The delay times are intentionally set to low; this was for testing purposes, you can edit it.
The retry logic is an infinite-loop, which exits when max retries are reached, or when it encounters FinalError
, which is sent through the Stop()
function. It also uses a timer channel which will send the current time on its channel after duration of exponential backoff.
Let’s do a GET request on a normal page (https://httpstat.us/200
) in our function which is to be retried:
❯ go run main.go
~/retry-test
❯
It runs successfully!
Running on a page with 503
status code (https://httpstat.us/503
):
❯ go run main.go
Retry #1
Retry #2
Retry #3
Retry #4
Retry #5
Retry #6
Retry #7
Retry #8
Retry #9
Retry #10
Max retries reached.
Retryable HTTP status: 503: Service Unavailable
Since the page returns 503
indefinitely, the retry mechanism comes into play, and tries to retry until it reaches the maximum number of retry attempts.

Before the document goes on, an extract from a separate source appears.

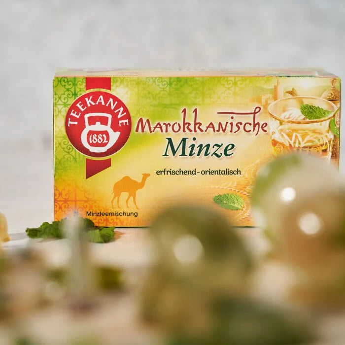 TEEKANNE Marokkanische Minze este un ceai de plante aromat, care combina menta marocana cu menta piperata pentru un gust autentic si racoritor, inspirat din traditiile nord-africane. Acest ceai te poarta intr-o calatorie senzoriala in lumea orientala, cu arome proaspete si revigorante.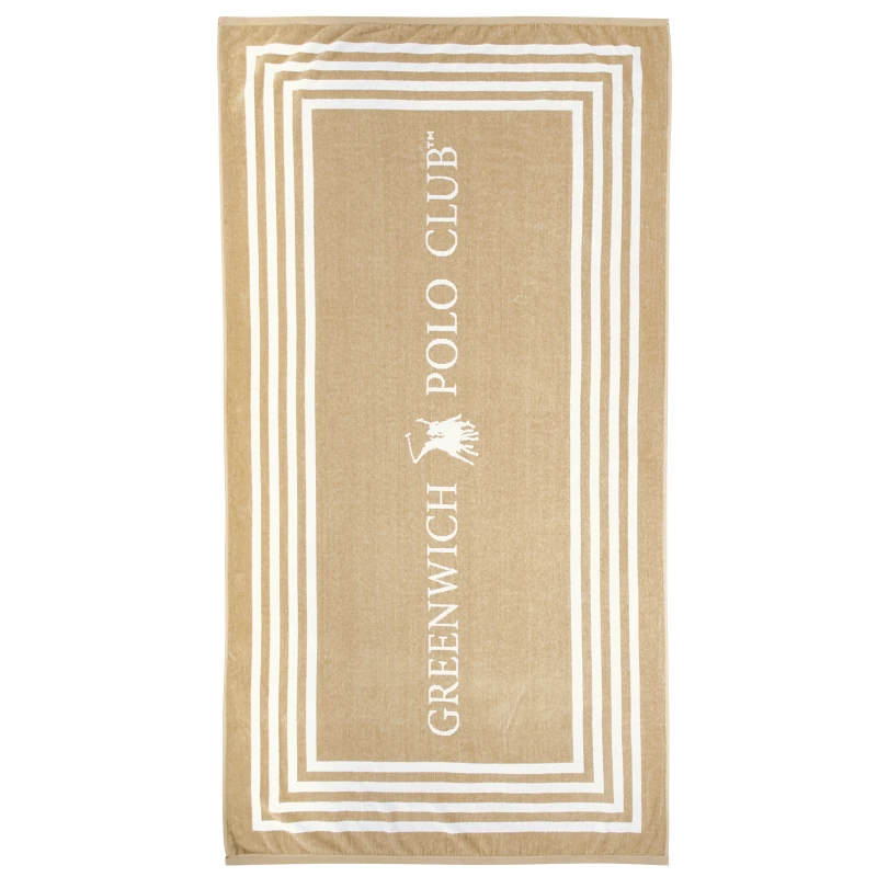 Πετσέτα Θαλάσσης Βαμβακερή 90x170εκ. Essential 4053 Λευκή-Taupe Greenwich Polo Club

Running on a page with 404
status code (https://httpstat.us/404
):
❯ go run main.go
Retry #1
Non-retryable HTTP status: 404: Not Found
Since 404
is non-retryable in nature, the retry mechanism stops itself.
We have now successfully implemented a retry mechanism with exponential backoff in Go! I hope this post was insightful!
Here are some tips for retry mechanisms:
- If you are unsure what type of failure you anticipate and whether or not it is recoverable, the best option is to fail fast, not to retry at all.
- If you have a mission-critical operation, retry mechanisms alone will not solve your problem. It will require a careful design of full-fledged resilience engineering that covers retry mechanism, chaos engineering, circuit-breakers, monitoring, etc.